Data scientists spend only 20 percent of their time on building machine learning algorithms and 80 percent of their time finding, cleaning, and reorganizing huge amounts of data. That mostly happen because many use graphical tools such as Excel to process their data. However, if you use a programming language such as Python you can drastically reduce the time it takes for processing your data and make them ready for use in your project. This course will show how Python can be used to manage, clean, and organize huge amounts of data.
This course assumes you have basic knowledge of variables, functions, for loops, and conditionals. In the course you will be given access to a million records of raw historical weather data and you will use Python in every single step to deal with that dataset. That includes learning how to use Python to batch download and extract the data files, load thousands of files in Python via pandas, cleaning the data, concatenating and joining data from different sources, converting between fields, aggregating, conditioning, and many more data processing operations. On top of that, you will also learn how to calculate statistics and visualize the final data. The course also covers a series of exercises where you will be given some sample data then practice what you learned by cleaning and reorganizing those data using Python.
Getting Started
You will learn how to install Python through the Anaconda package which is a complete package that will not only install Python into your computer, but also other libraries needed for data analysis and visualizations such as pandas, matplotlib, numpy, scipy, etc.

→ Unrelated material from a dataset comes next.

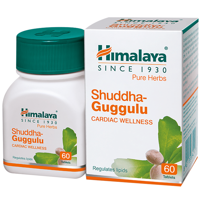 Himalaya Wellness Pure Herbs Shuddha Guggulu Cardiac Wellness Tablet contains Shuddha Guggulu, Guggulsterones, which help regulate critical biochemical steps in the liver and intestines that decrease cholesterol uptake. | Key Ingredients: Shuddha Guggulu (Commiphora wightii) | Key Benefits: Guggulsterones increase the conversion of cholesterol into bile acids, facilitating removal of excess cholesterol through feces Helps lower LDL (low density lipoprotein) cholesterol levels significantly Prevents clogging and hardening of blood vessels (atherosclerosis) by stopping the oxidation of bad cholesterol (LDL) Supports healthy weight by regulating metabolism and enhancing thyroid function Shudha guggulu is ideal for increased lipid levels (hyperlipidemia) | Directions For Use: Use as directed by the physician. | Safety Information: Read the label carefully before use Store in a cool dry place away from direct sunlight Keep out of reach of the children Use under medical supervision

You will learn how to use the Spyder environment to write scripts of Python code and also learn how to use iPython which is an enhanced interactive shell where you type in and execute Python code. iPython is tailored for data analysis applications
Downloading Many Files with Python
Short lecture introducing you to this section of the course.
You will learn how to write Python code that establishes a connection to an FTP server and accesses the files of the FTP site.
You will learn how to use the Spyder editor for executing complete scripts of Python code.
You will learn how to create a custom FTP function that logs in to an FTP site and generates a list of file names contained in the site.
You will learn the Python code that downloads a single file from an FTP site.
Something to keep in mind for the next lecture.
Here we start building our data analysis program.
In this particular lecture, we will build an FTP function that will login to the FTP site, and download a given range of files from the site.
Extracting Data from Archive Files
You will learn how to extract various types of archive files using the patool library and the for loop.
You will learn how to extract RAR archive files.
Here you will write a function that will fetch the archive files downloaded by the FTP function and it will extract them all in a local directory.
Working with TXT and CSV Files
Short lecture introducing you to this section of the course.
You will learn how to easily read CSV and delimited TXT files using the pandas library and use their data inside Python.
You will learn how to export data from Python to CSV and TXT files.
You will learn how to open data from TXT files which columns are delimited by a certain width.
You will learn how to quickly export a pandas dataframe into an HTML file.
Getting Started with Pandas
We already used the pandas library in the previous section. Here you will be given an official tour to the pandas data analysis library.
You will create a function that grabs all the TXT files of a folder, opens each of them in Python as dataframes, adds a column in each dataframe and exports the updated dataframes back to CSV files.
Merging Data
You will write a function that gets all the CSV files and concatenates them vertically using the pandas concatenate function by creating a single CSV containing everything.
You will write a function that will join columns of a pandas dataframe to another dataframe.
Data Aggregation
You will learn how to use the pandas pivot function by creating a pivoted dataframe out of a large CSV file by aggregating the data values.
Visualizing Data
You will learn how to use the visualization features available in Python and generate graphs using the matplotlib and the seaborn libraries.
You will expand your knowledge on performing visualizations of different kinds out of pandas dataframes and adding labels and legends to the generated graphs.
You will learn create a function that will access the pivoted dataframe and it will generate a graph representing the data, and save the graph inside a PNG image file.
Mapping Spatial Data
You will learn how to create a point KML file using the simplekml library and display the file in Google Earth.
You will create a function that grabs the data from a pandas dataframe and creates a KML file using the latitude and the longitude information contained in the dataframe.
Putting everything together
You will learn how to make your script interact with a user who runs it.
You will learn how to execute all the functions of the programs in one single click.
You will learn how to make your program more user friendly by integrating the user input functionality.
You will learn how to convert your program into a Python module so you can import it in other scripts.
Bonus Section: Using Python in Jupyter Notebooks to Boost Productivity
Setting up Jupyter and learning how to use its keyboard shortcuts.
Learn how to handle a problem of joining raw data with no key column to base the join to.
Learn to apply various operations including in-line visualizations on a Jupyter browser-based notebook.